Akin observes this same kind of stubborn faith when his mother dies. His brother-in-law, Henry, an outsider who has made a furious effort to learn the language and culture, insists on digging the grave the traditional way, by hand. Once all the on-lookers have disappeared, Akin, who has put in a token effort, persuades Henry to call in some contractors to finish the job. Henry agrees, but insists they tell his wife (Akin’s sister) that he personally dug the grave:
‘OK, we’ll tell her you dug the grave.’ It’s the truth - stretched, but still true. Besides, what would be left of love without truth stretched beyond its limits, without those better versions of ourselves that we present as the only ones that exist? (87)

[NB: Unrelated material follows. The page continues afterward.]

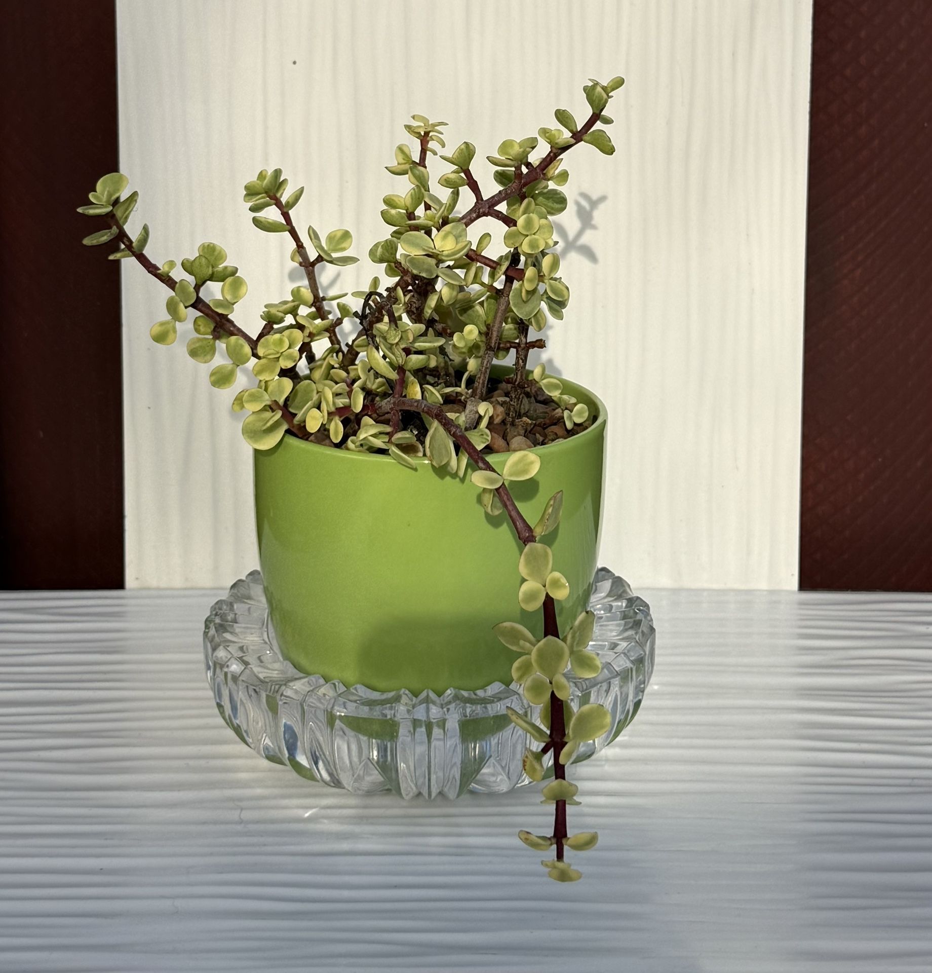 Bright Cheerful Green Ceramic Planter 4.75"H with Crystal Base/Saucer

What compels someone to immerse themselves in these little rituals of desperation? To sustain obvious mistruths against the risk of public shame? Love sometimes needs this kind of blind faith to survive. The unbending, reciprocal belief in the justice and loyalty of our closest companion keeps hope alive in our darkest hours. That is what allows Akinyele and Yejide to preserve their marriage where the squabbling step-mothers, unable to rise above the passions and jealousies of polygamy, could not.
When Yejide finally gives birth the child dies of sickle cell disease. Her second child, Rotimi (“Stay With Me”), has the same disease. During a bad flare-up, Yejide becomes convinced that Rotimi is going to die and abandons the family. They only reunite years later on the occasion of a funeral. Rotimi, now a teenager, is alive:
Yejide, every day since I sent you an invitation to this funeral, I have worried about how this moment will play out. Timi has told me several times that it will be all right. But what does she know? Only enough to think that there is still a chance that the three of us will become a happy family. I should know better - do know better - but with you I can never let go of hope. (289)

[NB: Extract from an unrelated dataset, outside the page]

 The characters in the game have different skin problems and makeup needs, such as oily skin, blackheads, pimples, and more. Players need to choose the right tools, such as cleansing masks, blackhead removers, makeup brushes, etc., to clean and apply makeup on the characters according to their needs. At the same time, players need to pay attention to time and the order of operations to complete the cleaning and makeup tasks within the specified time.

Rotimi survived thanks to Akinyele’s bravery: he carried her to the hospital amid the Jos riots. And in the years afterwards, he raised his daughter alone, patiently awaiting the day Yejide would return. It’s hard to imagine someone being able to do this, save through the kind of blind faith that love inspires.

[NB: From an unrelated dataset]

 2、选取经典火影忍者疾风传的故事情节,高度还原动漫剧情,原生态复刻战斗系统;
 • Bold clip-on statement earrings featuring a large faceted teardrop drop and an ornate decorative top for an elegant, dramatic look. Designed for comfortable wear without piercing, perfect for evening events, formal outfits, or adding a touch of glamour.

Stay With Me has a fast, exciting plot. It is set amid a backdrop of political turbulence in Nigeria. The upheavals are used to advance time in the story, but they also index the most important moments of the characters’ lives, such as the protest where they fell in love. The writing is not always good enough to veer away from melodrama. Fortunately, there are enough shocking plot twists to pull you through to the end (and if you think this review will spoil that—don’t worry, it doesn’t).
There isn’t always chemistry between Akinyele and Yejide. They only seem to fall in love because they happened to survive the same student protest. Most of their life—what we see in the book—is taken up with trying to meet the demands of their families. But if you treat their relationship as only having a chance to develop when they are free of these demands, when they are finally re-united at the end of the book, it makes a lot more sense.
Desperate acts of love by both Akin and Yejide hold their frail marriage together: when the expectations of family threaten to push them away, Yejide’s determination to have a child—despite her public embarrassments—keeps them together; and when Yejide, grief-stricken with the inevitable death of Rotimi, abandons the family, Akin’s patience offers her a way back.
They both have something of the blind faith that love demands. It is not always rational or explicable, but it nonetheless enables us to summon courage in the hours we truly need it. Even as Nigeria convulses in the background, suffering to the endless cycle of coup and counter-coup, even if the streets are burning and the cities are filled with the corpses of protestors, Akinyele and Yejide, at least, manage to build a sanctuary and find peace and happiness within.